Reputation: 213223
Ok so I'm stuck with Mockito again. Here's the situation:
I've a super class, and a subclass:
class Parent {
protected void insertData() {
// Here is some database related stuff
someObject.storeData();
}
}
class Child extends Parent {
private String name;
public void printHierarchy(int x) {
if (x > 1) {
insertData()
} else {
System.out.println("Child");
}
}
}
And in my unit test class, I'm testing Child
class printHierarchy()
method:
@RunWith(SpringJUnit4ClassRunner.class)
public class ChildTest {
@InjectMocks // To inject mock objects
private Child child = new Child();
@Before
public void setUp() {
MockitoAnnotations.initMocks(this);
// This is where the issue is
doNothing().when(child).insertData();
}
@Test
public void testPrintHierarchy() {
child.printHierarchy(5);
// Here also
verify(child, times(1)).insertData();
}
}
So the issue is, how do I verify if insertData()
method was called from Child#printHierachy()
?
When I try the above code, I get the error as:
Argument passed to when() is not a mock!
Of course, child
is not a mock. I'm testing that class. But how do I resolve this issue?
No I haven't found any duplicate of this. One question was pretty similar though, but it didn't help me.
Upvotes: 3
Views: 4926
Reputation: 40296
I think the mistake may be conceptual.
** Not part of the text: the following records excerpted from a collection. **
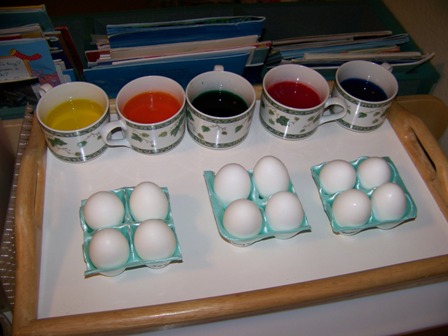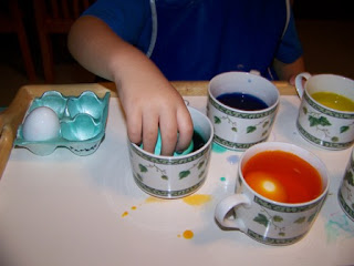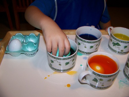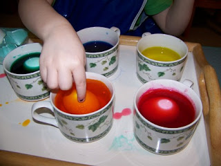 I cannot say enough wonderful things about the PAAS Egg Dye Kit. I've used it as long as I can remember and never even bothered trying another brand. The children love to drop the color dye tablets into vinegar, squealing with delight as the tablets sizzle and dissolve. We add water, hard boiled eggs, and have lots of paper towels nearby. Yes, it's messy, but messy is fun, and if kids aren't coming home from daycare messy and dirty, they probably aren't having much fun!
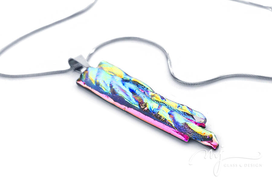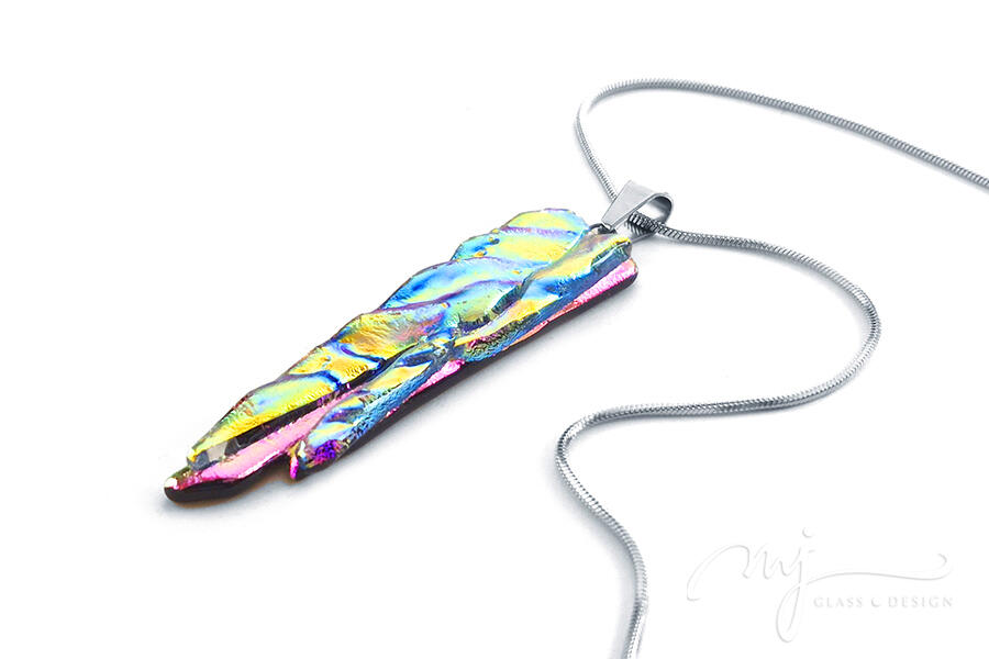 Élénk, fénylő pink üvegalapra hullámos felületű, szivárványszínű üveget olvasztottam — az így létrejövő irizálás minden fényszögből más-más árnyalatot villant fel: indigó, arany, türkiz és korall váltakozik egymással. A karcsú, sziklahasadékra emlékeztető forma egyszerre nyers és elegáns. Minden részlete különleges, pontosan olyan, mint a fény, amely megeleveníti.
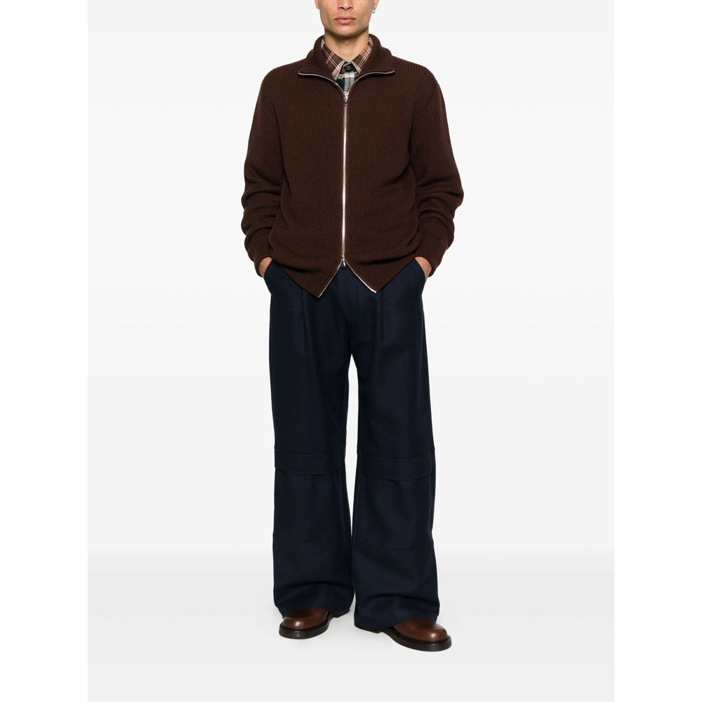 brown ribbed knit high neck front zip fastening long sleeves straight hem
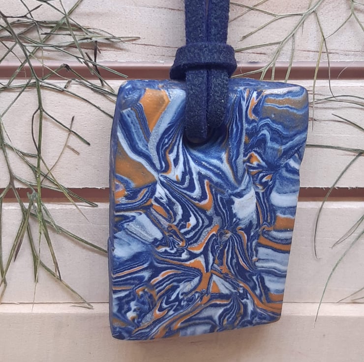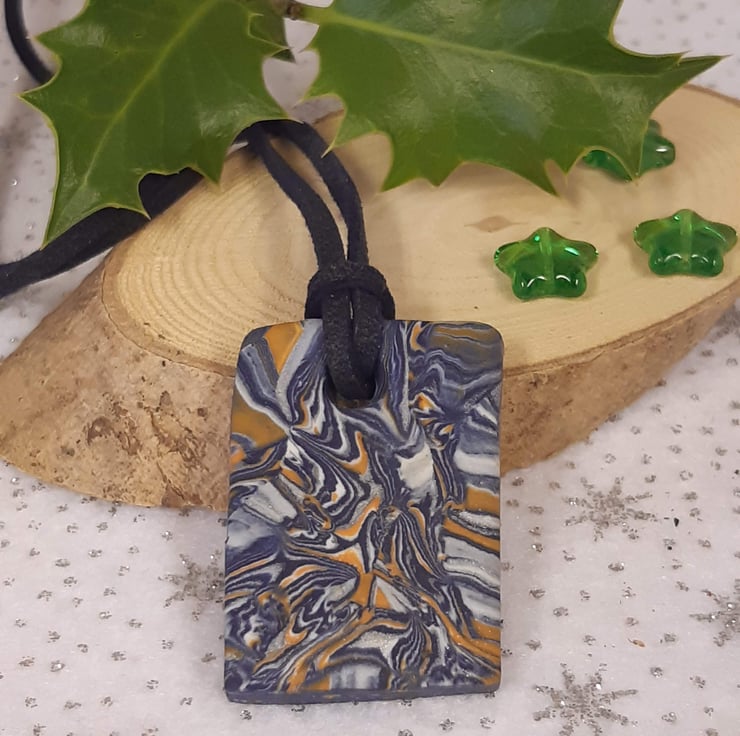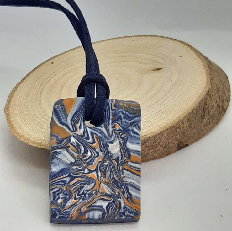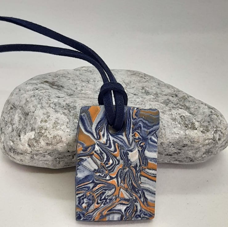 A handmade pendant made from a blend of orange, navy and cream polymer clay in a unique swirl design to create a rectangular shape measuring 40mm deep x 29.5 wide. The back is patterned in a similar way and could be worn with either side.
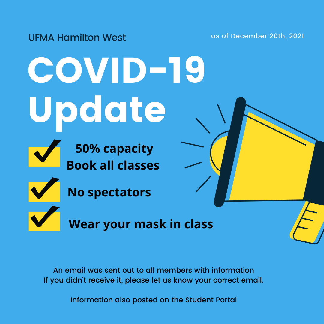 We really hoped we wouldn’t have to go this route, however, with the Omicron variant and rising numbers, we have implemented some changes for classes. The school has a 50% capacity limit, therefore it is extremely important that students sign up for every class using the Booking System. Unfortunately, we can no longer have spectators watching class (exception- one parent/guardian …
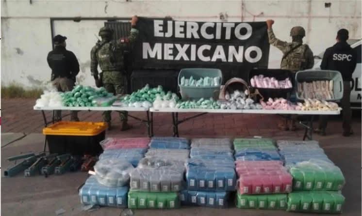 Durante el operativo encabezado por elementos del Ejército Mexicano en coordinación con autoridades estatales, fueron decomisados 25.690 kilos de metanfetamina y 26.640 kilos de cocaína, además de seis selladoras y 26 bultos de bolsas para empaque.
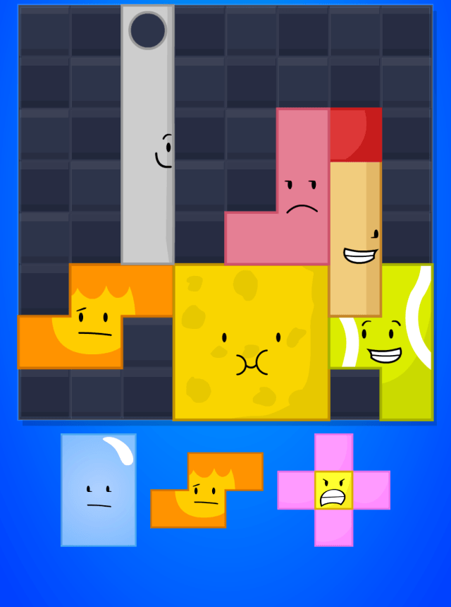- Character Blocks – Fill the board with block-shaped BFDI characters, each piece begging to be tucked into just the right spot.
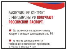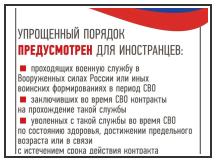 Гражданство РФ по упрощенной системе могут получить участники СВО Что для этого нужно: пройти военную службу в Вооруженных силах России или иных воинских формированиях в период СВО заключить контракт на прохождение такой службы с Минобороны России Упрощенный порядок – это получение гражданства без экзаменов по русскому языку, истории и основам законодательства РФ без требования о постоянном проживании в России в течение 5 лет Упрощенный порядок также распространяется на уволенных с военной службы во время СВО по состоянию здоровья, достижению предельного возраста или в связи с истечением срока действия контракта на членов семей таких иностранных граждан По всем вопросам поступления на военную службу от Краснодарского края - ЕДИНЫЙ ОФИЦИАЛЬНЫЙ телефон: 8(800)444-46-23. Все льготы и меры поддержки: контракт23.рф
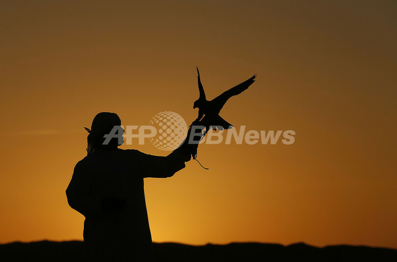 【12月24日 AFP】アラブ首長国連邦(UAE)の首都アブダビ(Abu Dhabi)の西に広がるリワ砂漠(Liwa desert)で、技を披露する鷹匠。アブダビ近郊のマディーナ・ザイード(Madinat Zayed)で開幕したラクダの祭典「Mazayin Dhafra」に合わせて催された。ラクダのレースや工芸品の展示会などが行われている「Mazayin Dhafra」には、ペルシャ湾沿岸諸国から多くの人が集まっている。(c)AFP
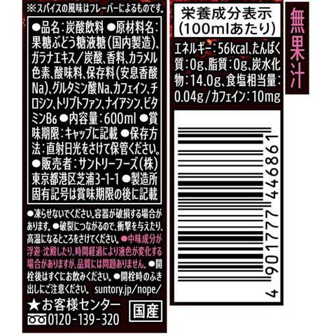 | 100mlあたり エネルギー:56kcal、たんぱく質:0g、脂質:0g、炭水化物:14.0g、食塩相当量:0.04/カフェイン:10mg |
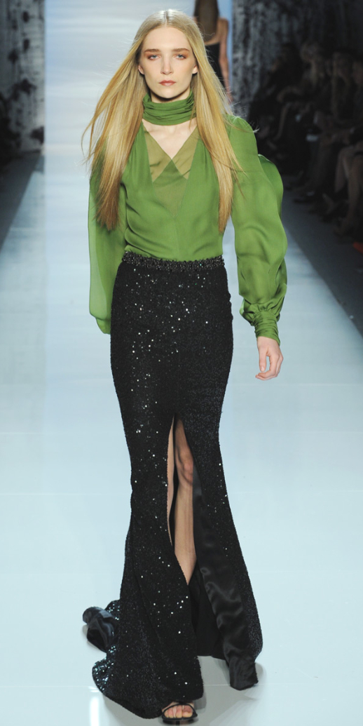 Coming up, my two favorite looks for evening from the collection. I adore this fabulous combo of green double georgette blouse with fully beaded skirt, although I might have to close the slit just a tad. Too bad I couldn’t find a shot of the back – the blouse has a beautifully draped cowl. And can you see the fabulous waistband? It’s the details…always!!
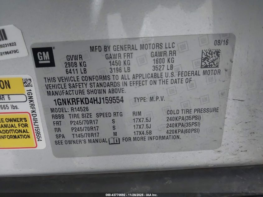 2017 CHEVROLET TRAVERSE 2017 року Бензин, 3.6, Передний привод, vin - 1GNKRFKD4HJ159554 из США
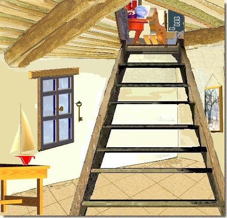 Projet d'un dessin exécuté sous Paint, la vue intérieure est une image pour mes futures pages ayant pour thème le grenier de mes ancêtres.
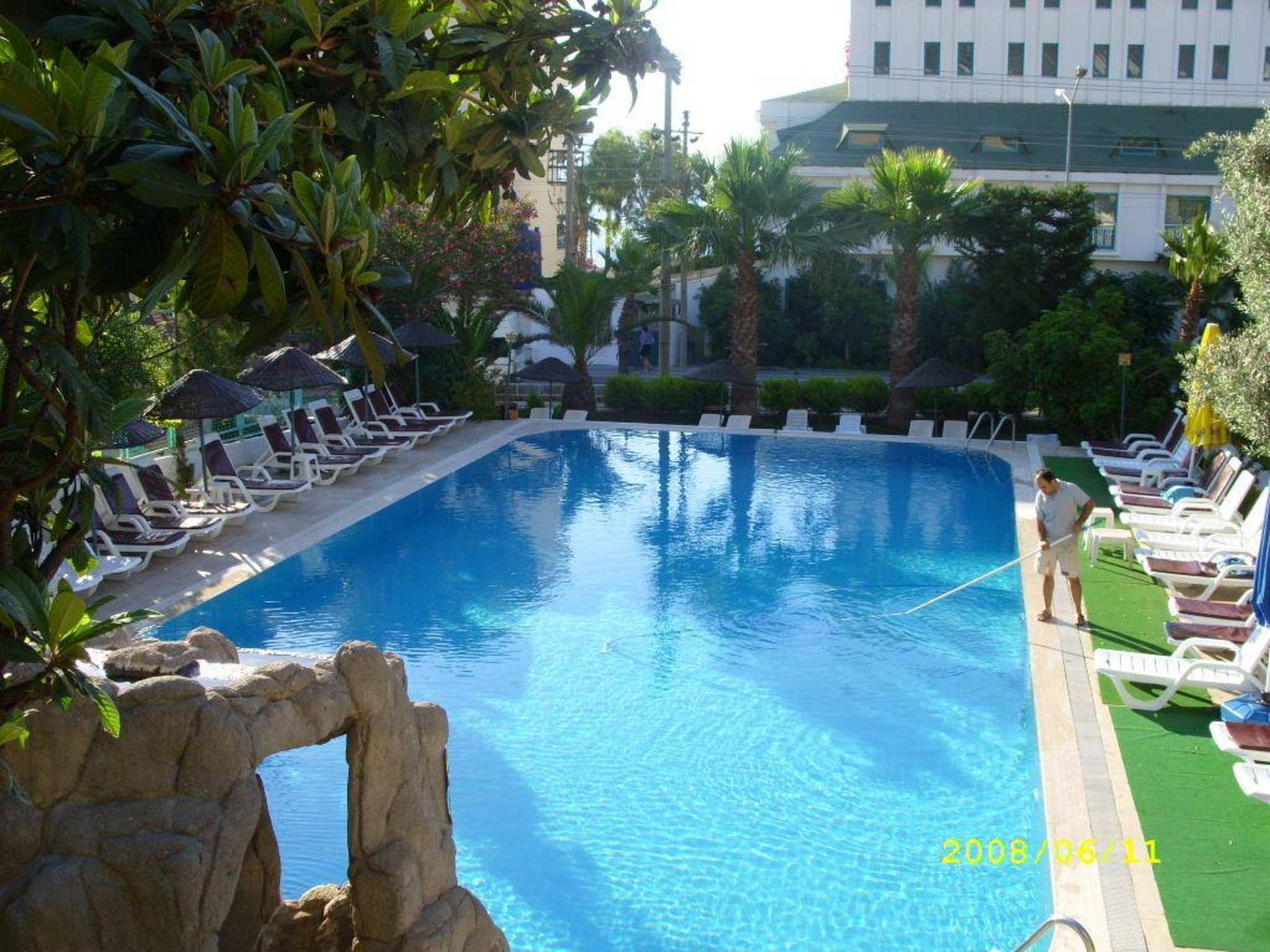 Widok z tarasu przy resreuracji na hotelowy basen
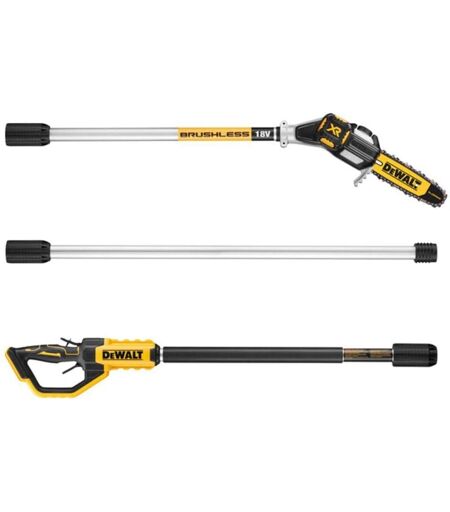 Tronçonneuse sans fil 18V Le guide de 20 cm réduit les rebonds et la chaîne à lubrification automatique assure une coupe en douceur. avec chaîne de l'Oregon moteur Brushless puissant Poignée extensible jusqu'à 3 m de long permettant de couper jusqu'à 4,5 m de haut sangle supplémentaire pour une meilleure stabilité de la scie lors des travaux en hauteur L'inclinaison de la tête permet de mieux contrôler la position lors de la coupe des branches. surface d'appui dentée, offrant un excellent support pour la scie en hauteur des supports métalliques et un crochet pour les arbres - arrêt ferme de la scie pendant la coupe et retrait facile des branches coupées Vitesse de coupe: 6,5 m/s longueur de la poignée basique/étendue : 2/3 m espace de travail : 4,5 m poids avec les piles : 4,3 kg compatible avec les batteries DeWALT 18 V Batterie et chargeur non inclus. ...
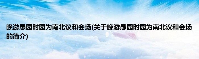 本文关于晚游愚园时园为南北议和会场的简介就讲解完毕,希望对大家有所帮助。
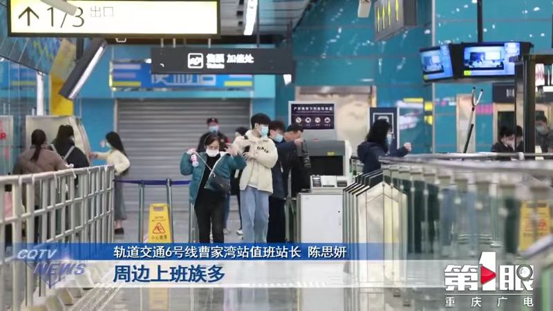 轨道交通6号线曹家湾站值班站长陈思妍透露,全天日均进站客流达到5万人次,周边上班族多。
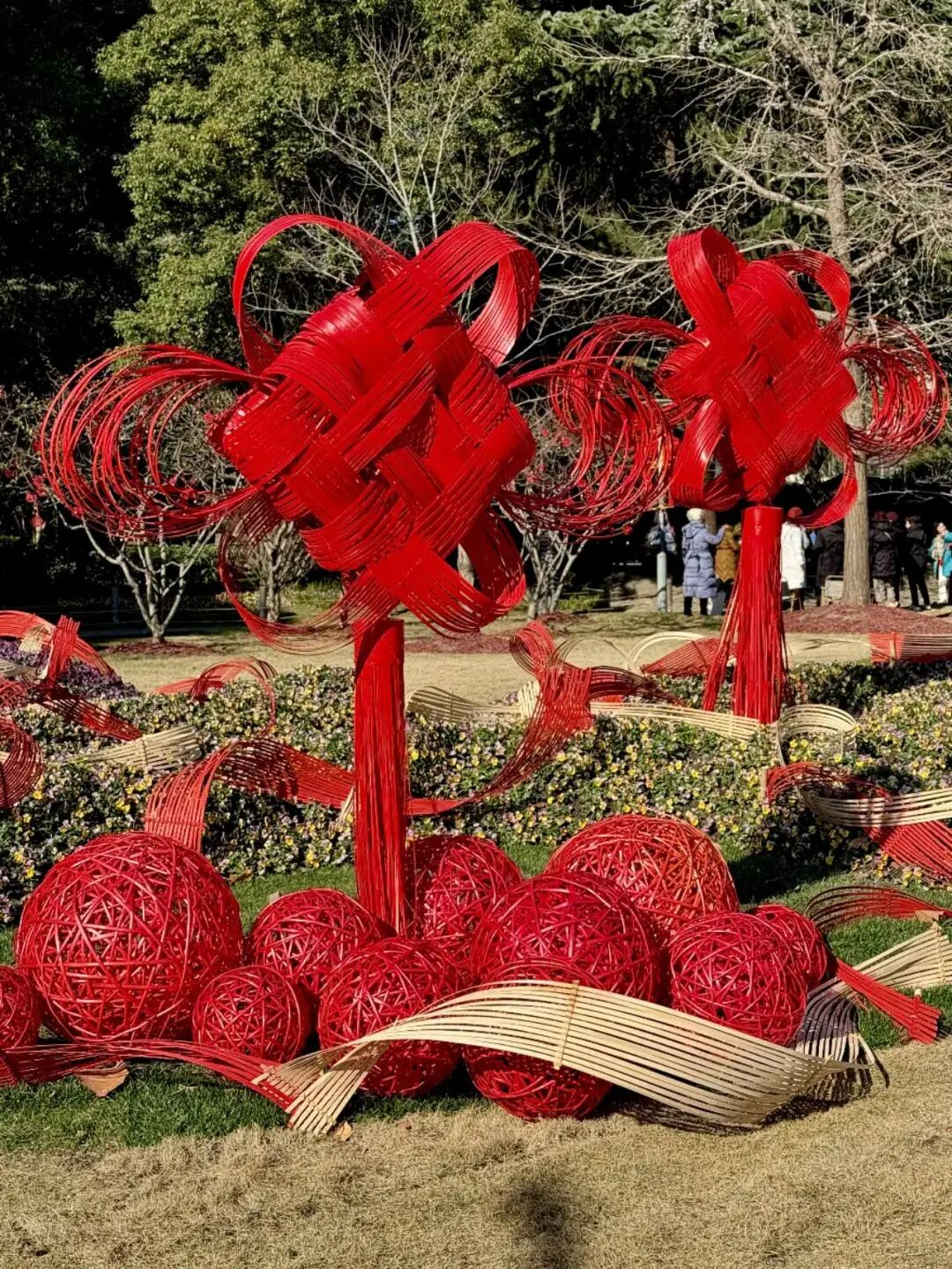 近日,五组以中国结为创意原型、采用天然竹片手工编织而成的公共艺术装置,在华山绿地亮相。竹材的温润质感搭配亮眼的中国红,在冬日暖阳下格外惹眼,为市民游客奉上一场雅致暖心的新春视觉盛宴。
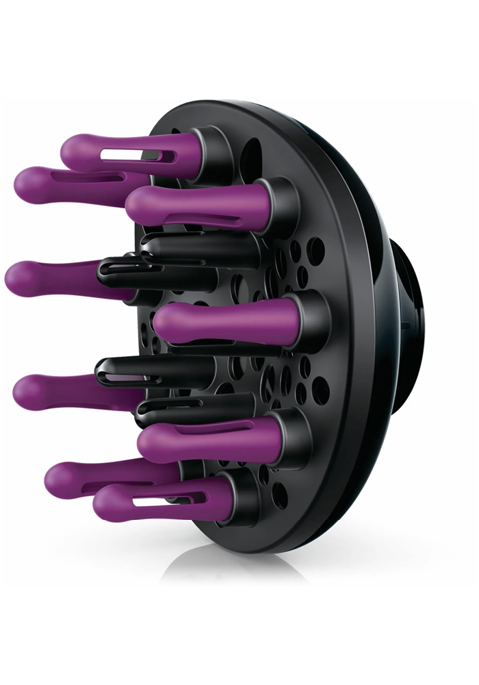 В комплект входят насадка-концентратор для направленного потока воздуха и диффузор, идеально подходящий для придания объёма и работы с кудрявыми волосами.

If Child
extends Parent
, then the methods of Parent
are part of the implementation, i.e. the System Under Test.
If the Parent
needs to be mocked independently of the Child
, then maybe you should use composition instead of inheritance:
public class Child {
private Parent parent;
public void printHierarchy() {
parent.printParent();
}
// setters/getters
}
Now the Parent
is mockable and you can test whether printParent()
was called or not.
If the class hierarchy is conceptually correct, then you should not need to test internal implementation details (i.e. that the interface/public method calls some other). You do not care about implementation details.
Upvotes: 0
Reputation: 121712
You need to use spy()
for that. The following code works:
public final class Bin
{
@Test
public void spyMe()
{
final Child c = spy(new Child());
doNothing().when(c).printParent();
c.printHierarchy(1);
verify(c).printParent();
}
}
class Parent {
protected void printParent() { System.exit(0);}
}
class Child extends Parent {
private String name;
public void printHierarchy(int i) {
if (i > 0)
printParent();
}
}
Upvotes: 3
Reputation: 48644
Whether method printHierachy()
calls method printParent()
is surely an implementation detail of method printHierachy()
, and so should not be tested for. Unit tests should check that a method has the required outputs.
For printing methods, checking the format of the printed output would do. For a method that updates a data-base, check that the data-base contains the expected values. For a method that manipulates a domain-model object in a specified manner, check that the domain object is in the correct state. And so on.